To investigate the possible pathways, which contributed to the effects of FGFR in osteosarcoma, the Kyoto Encyclopedia of Genes and Genomes (KEGG) database (http://www.kegg.jp/kegg/pathway.html) was accessed (Fig. 2). Notably, cell cycle was significantly affected in osteosarcoma (Fig. 2A(a); P=0.003). Bone remodeling is a ubiquitous process in bone diseases, therefore, the bone remodeling process was also assessed as a control. As expected, bone remodeling was not significantly affected (Fig. 2A(b); P=0.369). As shown in Fig. 2C and D, the cell cycle was significantly affected in osteosarcoma, with the upregulation of multiple cell cycle-associated genes and the downregulation of other genes downegulated. Furthermore, the present study performed microarray analysis of osteosar-coma using MATLAB, and to identify the genes and pathways that are involved in disease development, heatmap analysis was performed. The heatmap analysis demonstrated that multiple genes associated with the cell cycle were elevated, whereas certain other genes were decreased in osteosarcoma (Fig. 2B). Taken together, the data from the KEGG and microarray analyses suggested that the cell cycle is significantly affected by FGFR1 in osteosarcoma.

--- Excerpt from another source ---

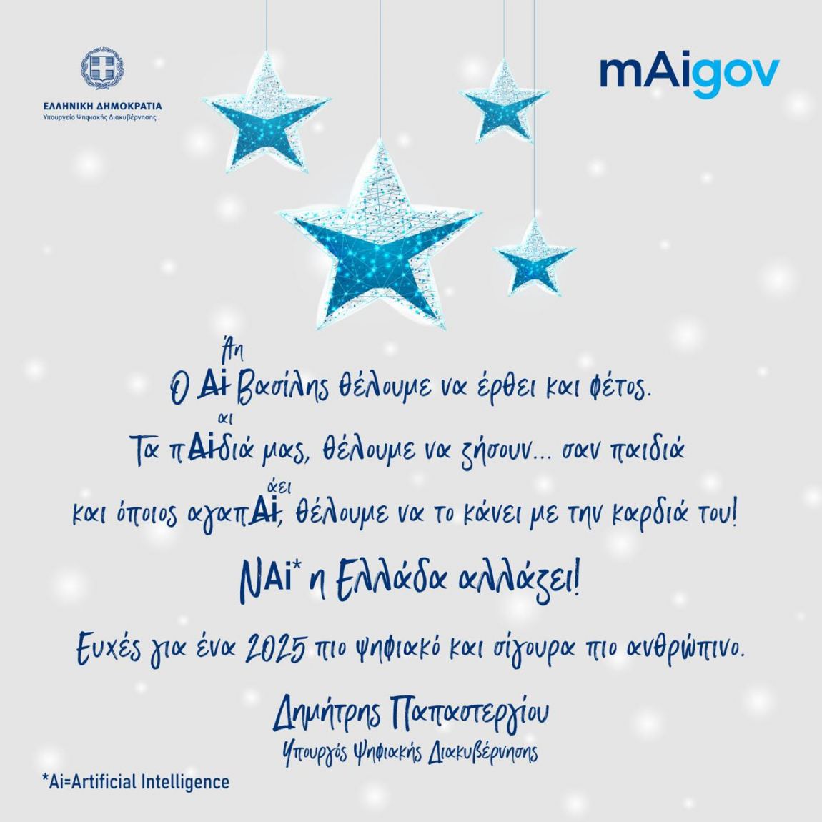 Η ”ψηφιακή” ευχή για τις γιορτές του Υπουργού Δ.Παπαστεργίου

To further investigate the downstream molecules regulated by FGFR1, the MG63 cells were transfected with the Flag-FGFR1 expression plasmid. Transfection efficiency was visualized using a fluorescence microscope (Fig. 3A). Subsequently, total RNA was extracted and RT-qPCR analysis was performed to examine the expression of cell cycle molecules, including CDK1 and CDK2. Notably, the mRNA expression of CDK1 increased significantly in response to FGFR1 overexpression, whereas no significant change was observed in the mRNA level of CDK2 (Fig. 3B). Consistently, western blotting also confirmed that the protein level of CDK1 was upregulated following MG63 cell transfection with the pcDNA3-Flag-FGFR1 plasmid (Fig. 3C). These data suggested that FGFR1 targeted CDK1 to regulate the cell cycle in osteosarcoma.

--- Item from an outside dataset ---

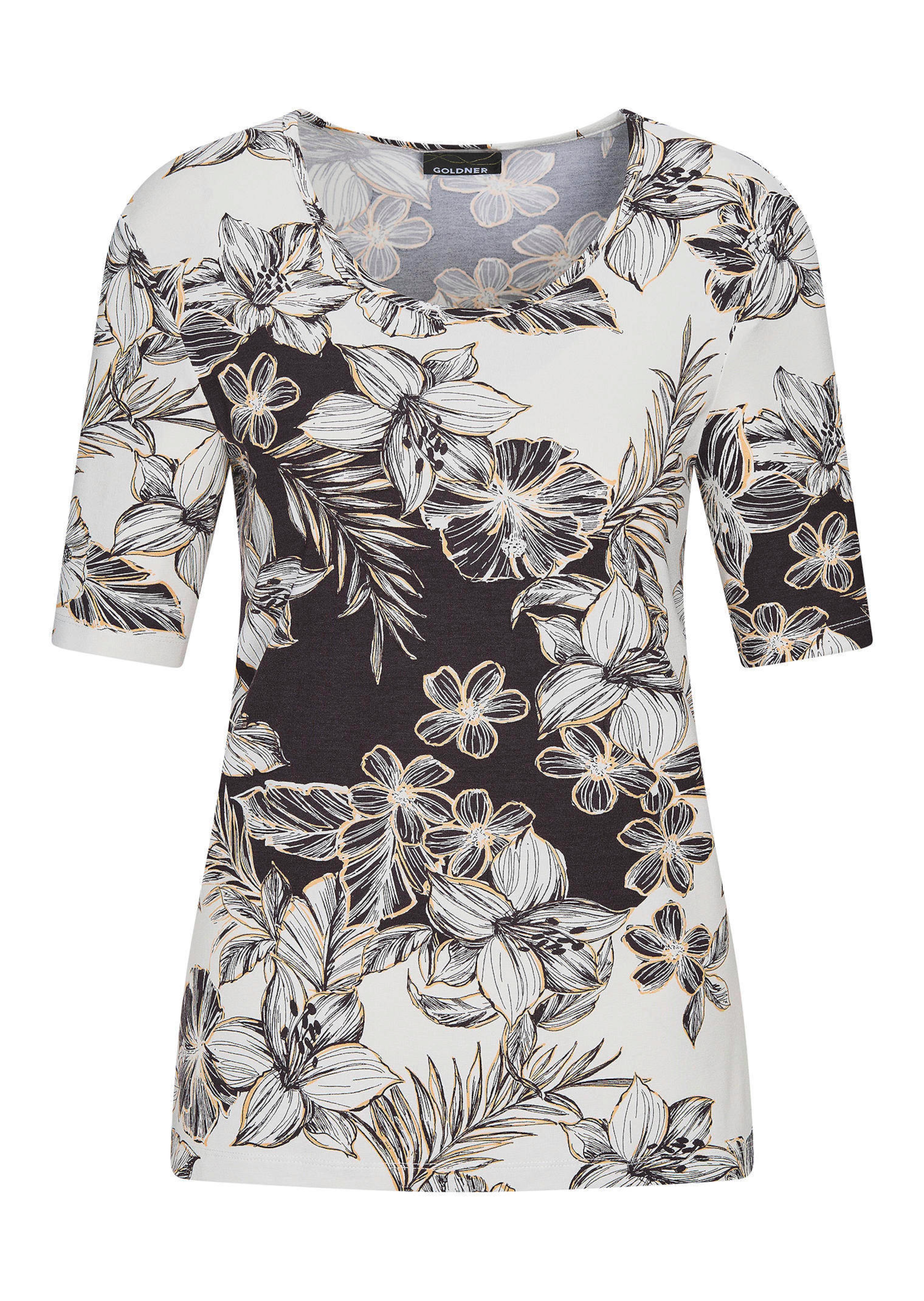 T-shirt avec motif graphique aux coloris contrastants. Le modèle épouse les formes de la silhouette à la perfection grâce à la viscose douce et à la forme légèrement cintrée. Avec encolure arrondie et manches mi-longues. Longueur env. 64 cm en 46, env. 60 cm en 23.

To investigate the role of FGFR1 in osteosarcoma development, the MG63 cells were transfected with the pcDNA3-Flag-FGFR1 plasmid and a cell viability assay was performed. The absorbance at 450 nm, which represents cell numbers was continuously determined for 5 days. The results demonstrated that the number of cells in the FGFR1-overexpressed group were higher than in the control group from day 2. Subsequently, the cell numbers increased markedly, with the FGFR1-overexpressed MG63 cells increasing ~7-fold by day 4. Notably, the number of FGFR1-overexpressed MG63 cells increased by almost 1.7-fold, compared with the control group on day 4 (Fig. 4). These data lead to the conclusion that FGFR1 overexpression promoted MG63 cell growth.